### Instructions to follow
Within the records that follow, restate exactly the lines from the line with "La selezione fotografica" down to the line with "тремя выдвигающимися шкафчиками.", including both. Omit the pictures.

### Provided data
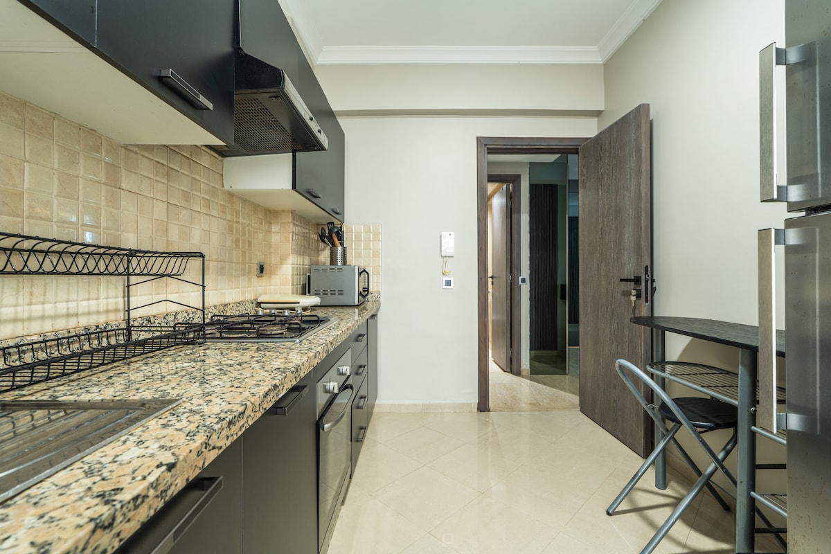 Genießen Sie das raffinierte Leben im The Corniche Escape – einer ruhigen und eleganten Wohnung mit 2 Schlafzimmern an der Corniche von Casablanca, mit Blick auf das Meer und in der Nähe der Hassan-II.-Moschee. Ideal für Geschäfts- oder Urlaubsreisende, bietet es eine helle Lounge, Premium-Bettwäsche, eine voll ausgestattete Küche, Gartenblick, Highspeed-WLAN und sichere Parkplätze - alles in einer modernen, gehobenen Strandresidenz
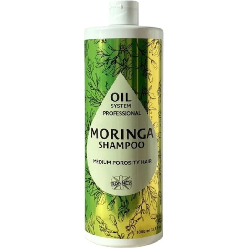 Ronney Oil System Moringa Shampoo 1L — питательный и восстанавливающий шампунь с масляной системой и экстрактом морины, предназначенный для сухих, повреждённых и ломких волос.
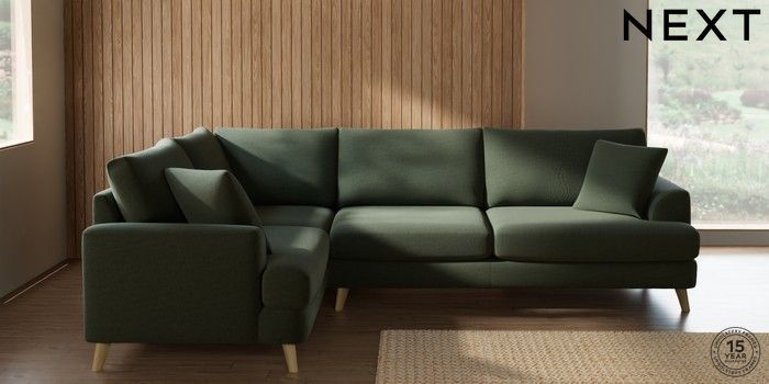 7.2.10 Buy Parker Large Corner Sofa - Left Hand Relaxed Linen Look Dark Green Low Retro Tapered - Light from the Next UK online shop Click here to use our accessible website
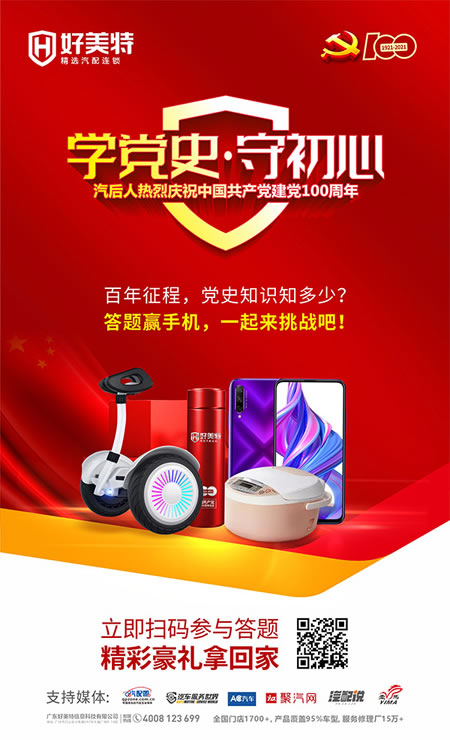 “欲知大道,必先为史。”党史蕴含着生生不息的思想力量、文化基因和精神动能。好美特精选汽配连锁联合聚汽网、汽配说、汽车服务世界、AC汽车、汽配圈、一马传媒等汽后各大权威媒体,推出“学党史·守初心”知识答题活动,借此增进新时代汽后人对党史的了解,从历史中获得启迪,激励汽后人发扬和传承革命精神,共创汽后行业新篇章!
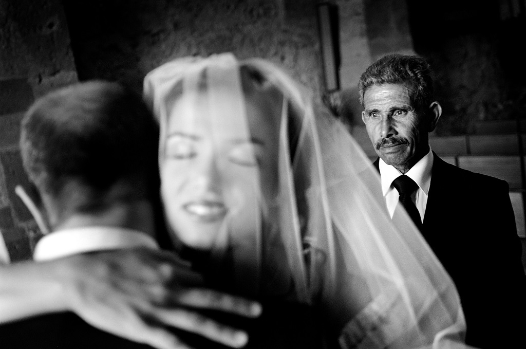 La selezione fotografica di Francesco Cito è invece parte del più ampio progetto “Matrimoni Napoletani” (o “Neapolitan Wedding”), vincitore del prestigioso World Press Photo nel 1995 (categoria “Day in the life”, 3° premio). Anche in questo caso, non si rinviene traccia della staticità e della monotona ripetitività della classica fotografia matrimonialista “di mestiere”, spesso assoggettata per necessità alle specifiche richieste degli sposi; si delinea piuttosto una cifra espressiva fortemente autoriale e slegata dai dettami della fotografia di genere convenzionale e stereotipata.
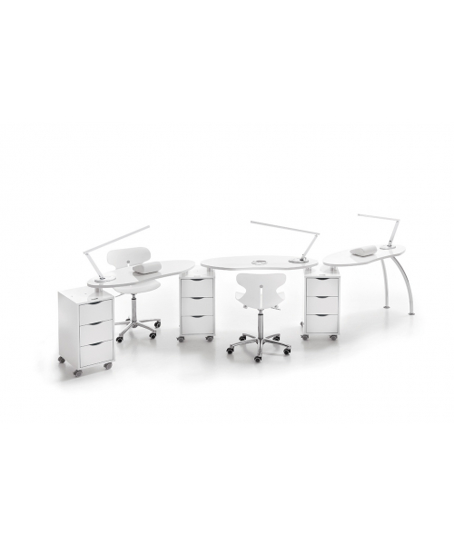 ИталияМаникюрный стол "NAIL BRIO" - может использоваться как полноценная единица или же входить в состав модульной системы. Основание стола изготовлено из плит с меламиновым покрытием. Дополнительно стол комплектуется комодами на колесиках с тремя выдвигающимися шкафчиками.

==

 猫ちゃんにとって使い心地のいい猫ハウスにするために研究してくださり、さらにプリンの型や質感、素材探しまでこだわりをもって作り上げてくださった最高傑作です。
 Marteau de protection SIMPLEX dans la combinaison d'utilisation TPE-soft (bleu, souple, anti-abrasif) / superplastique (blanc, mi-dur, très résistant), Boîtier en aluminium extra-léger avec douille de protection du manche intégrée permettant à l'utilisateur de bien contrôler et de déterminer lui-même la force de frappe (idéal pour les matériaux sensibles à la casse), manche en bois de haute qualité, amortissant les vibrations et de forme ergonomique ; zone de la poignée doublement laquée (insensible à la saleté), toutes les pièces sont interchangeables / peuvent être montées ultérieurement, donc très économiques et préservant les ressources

...

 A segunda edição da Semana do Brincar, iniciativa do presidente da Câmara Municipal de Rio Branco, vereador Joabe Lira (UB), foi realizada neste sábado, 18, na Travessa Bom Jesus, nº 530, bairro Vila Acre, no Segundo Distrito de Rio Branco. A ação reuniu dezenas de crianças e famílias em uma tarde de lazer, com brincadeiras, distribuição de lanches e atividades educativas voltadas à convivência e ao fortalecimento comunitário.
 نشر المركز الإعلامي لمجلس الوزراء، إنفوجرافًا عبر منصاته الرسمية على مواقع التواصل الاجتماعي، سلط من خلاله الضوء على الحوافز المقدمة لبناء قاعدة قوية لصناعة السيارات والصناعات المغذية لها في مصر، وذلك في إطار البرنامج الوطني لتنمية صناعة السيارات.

### The completed task
 La selezione fotografica di Francesco Cito è invece parte del più ampio progetto “Matrimoni Napoletani” (o “Neapolitan Wedding”), vincitore del prestigioso World Press Photo nel 1995 (categoria “Day in the life”, 3° premio). Anche in questo caso, non si rinviene traccia della staticità e della monotona ripetitività della classica fotografia matrimonialista “di mestiere”, spesso assoggettata per necessità alle specifiche richieste degli sposi; si delinea piuttosto una cifra espressiva fortemente autoriale e slegata dai dettami della fotografia di genere convenzionale e stereotipata.
 ИталияМаникюрный стол "NAIL BRIO" - может использоваться как полноценная единица или же входить в состав модульной системы. Основание стола изготовлено из плит с меламиновым покрытием. Дополнительно стол комплектуется комодами на колесиках с тремя выдвигающимися шкафчиками.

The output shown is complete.